Entries shown:
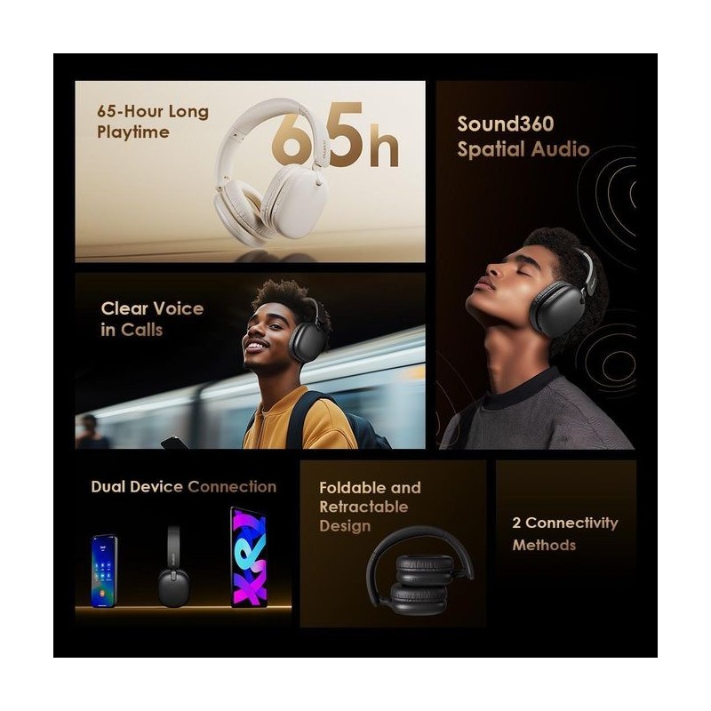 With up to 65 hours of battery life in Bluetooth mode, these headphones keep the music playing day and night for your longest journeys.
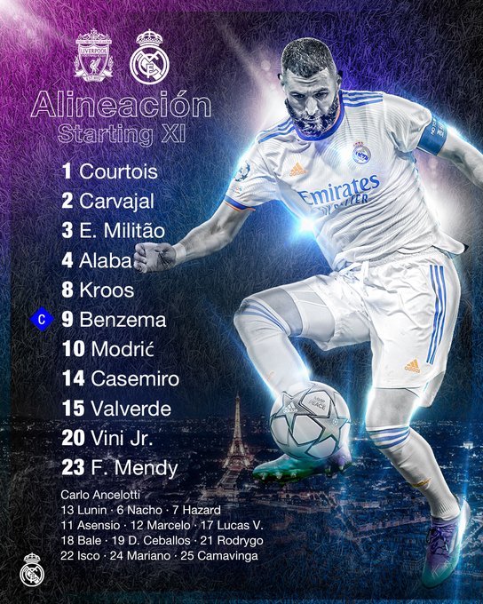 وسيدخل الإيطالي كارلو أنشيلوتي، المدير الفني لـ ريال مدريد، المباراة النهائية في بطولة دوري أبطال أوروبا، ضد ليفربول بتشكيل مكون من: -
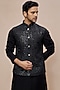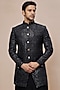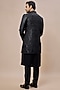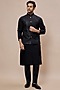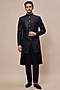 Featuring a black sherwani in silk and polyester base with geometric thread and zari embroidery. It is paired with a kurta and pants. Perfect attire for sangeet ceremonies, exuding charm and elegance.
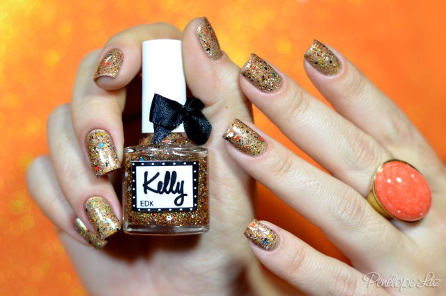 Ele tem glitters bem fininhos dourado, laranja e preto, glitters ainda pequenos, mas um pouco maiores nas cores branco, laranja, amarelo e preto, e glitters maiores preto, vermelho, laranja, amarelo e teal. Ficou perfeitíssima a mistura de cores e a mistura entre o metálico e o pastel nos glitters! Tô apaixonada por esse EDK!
==
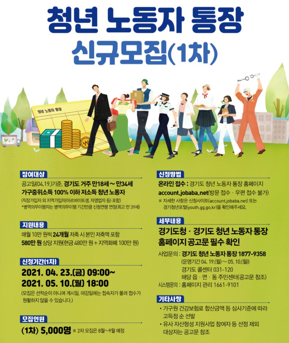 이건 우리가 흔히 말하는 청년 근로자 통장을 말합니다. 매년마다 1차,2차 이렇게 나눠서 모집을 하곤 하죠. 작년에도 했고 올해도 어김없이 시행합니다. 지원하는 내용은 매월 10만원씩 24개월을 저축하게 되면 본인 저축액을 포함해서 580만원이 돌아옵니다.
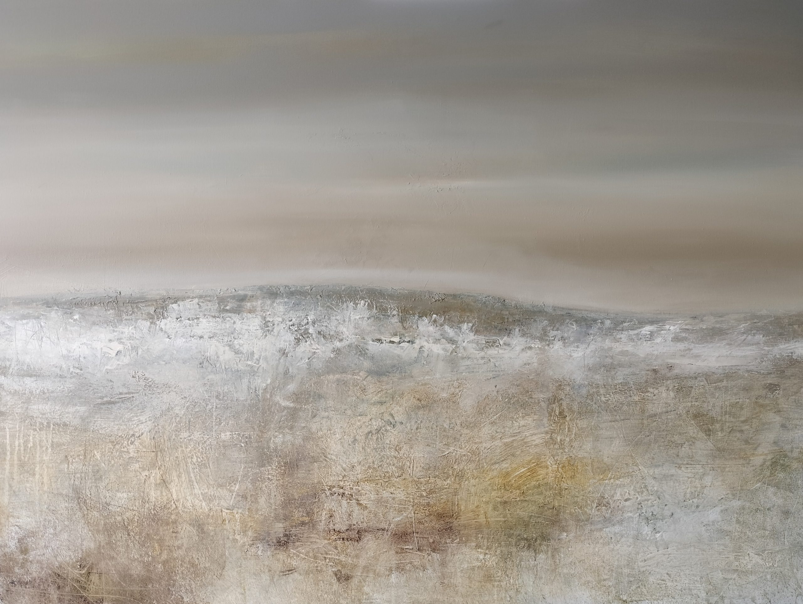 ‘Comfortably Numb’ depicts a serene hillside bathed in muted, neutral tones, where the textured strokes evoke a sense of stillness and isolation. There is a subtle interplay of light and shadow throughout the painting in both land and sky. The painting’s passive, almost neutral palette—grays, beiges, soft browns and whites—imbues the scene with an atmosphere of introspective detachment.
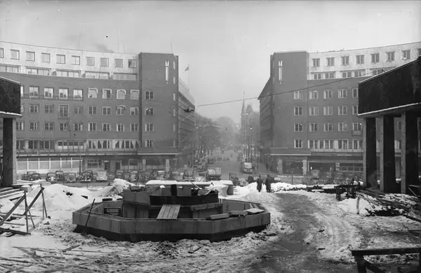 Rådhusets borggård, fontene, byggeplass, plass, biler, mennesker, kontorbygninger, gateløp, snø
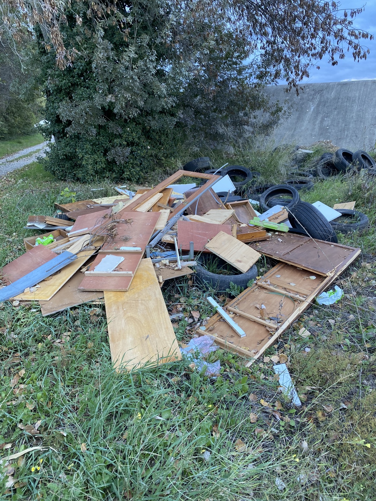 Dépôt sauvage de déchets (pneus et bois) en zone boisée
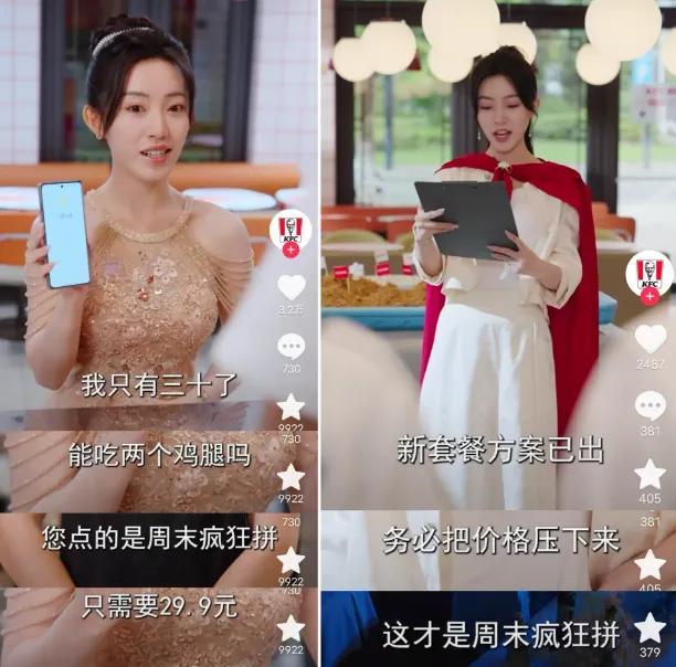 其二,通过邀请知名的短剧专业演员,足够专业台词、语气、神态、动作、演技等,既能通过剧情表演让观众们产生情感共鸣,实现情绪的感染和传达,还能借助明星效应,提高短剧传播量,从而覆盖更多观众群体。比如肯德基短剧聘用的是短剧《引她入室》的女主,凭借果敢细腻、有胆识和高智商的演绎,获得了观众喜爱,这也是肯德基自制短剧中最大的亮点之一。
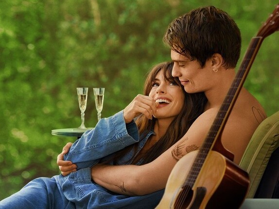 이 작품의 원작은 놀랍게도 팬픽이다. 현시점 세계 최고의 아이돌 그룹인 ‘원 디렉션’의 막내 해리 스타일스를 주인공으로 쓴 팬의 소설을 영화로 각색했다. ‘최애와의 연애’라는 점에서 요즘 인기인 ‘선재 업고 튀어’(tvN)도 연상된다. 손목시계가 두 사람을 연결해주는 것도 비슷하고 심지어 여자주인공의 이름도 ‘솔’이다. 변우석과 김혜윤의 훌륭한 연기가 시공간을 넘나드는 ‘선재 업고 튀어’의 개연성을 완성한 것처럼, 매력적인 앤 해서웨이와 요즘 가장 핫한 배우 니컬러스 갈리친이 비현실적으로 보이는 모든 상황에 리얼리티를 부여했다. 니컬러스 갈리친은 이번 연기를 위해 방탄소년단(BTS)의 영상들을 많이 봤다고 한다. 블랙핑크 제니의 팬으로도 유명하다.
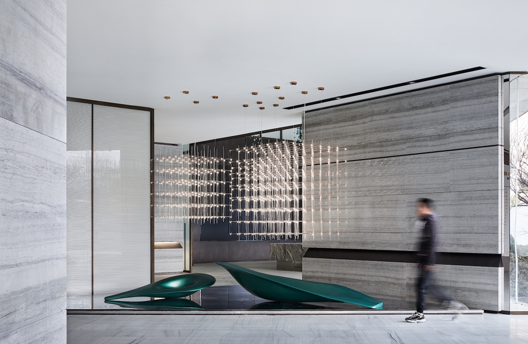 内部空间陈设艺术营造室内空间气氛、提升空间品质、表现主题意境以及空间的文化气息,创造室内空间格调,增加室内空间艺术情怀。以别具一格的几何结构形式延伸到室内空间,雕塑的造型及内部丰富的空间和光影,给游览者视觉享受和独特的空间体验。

Task instructions: Using the data above, which lines fall from the one with "With up to 65" through the one with "Ele tem glitters"? Repeat them exactly, ends included, minus any pictures.

Solution to the problem:
 With up to 65 hours of battery life in Bluetooth mode, these headphones keep the music playing day and night for your longest journeys.
 وسيدخل الإيطالي كارلو أنشيلوتي، المدير الفني لـ ريال مدريد، المباراة النهائية في بطولة دوري أبطال أوروبا، ضد ليفربول بتشكيل مكون من: -
 Featuring a black sherwani in silk and polyester base with geometric thread and zari embroidery. It is paired with a kurta and pants. Perfect attire for sangeet ceremonies, exuding charm and elegance.
 Ele tem glitters bem fininhos dourado, laranja e preto, glitters ainda pequenos, mas um pouco maiores nas cores branco, laranja, amarelo e preto, e glitters maiores preto, vermelho, laranja, amarelo e teal. Ficou perfeitíssima a mistura de cores e a mistura entre o metálico e o pastel nos glitters! Tô apaixonada por esse EDK!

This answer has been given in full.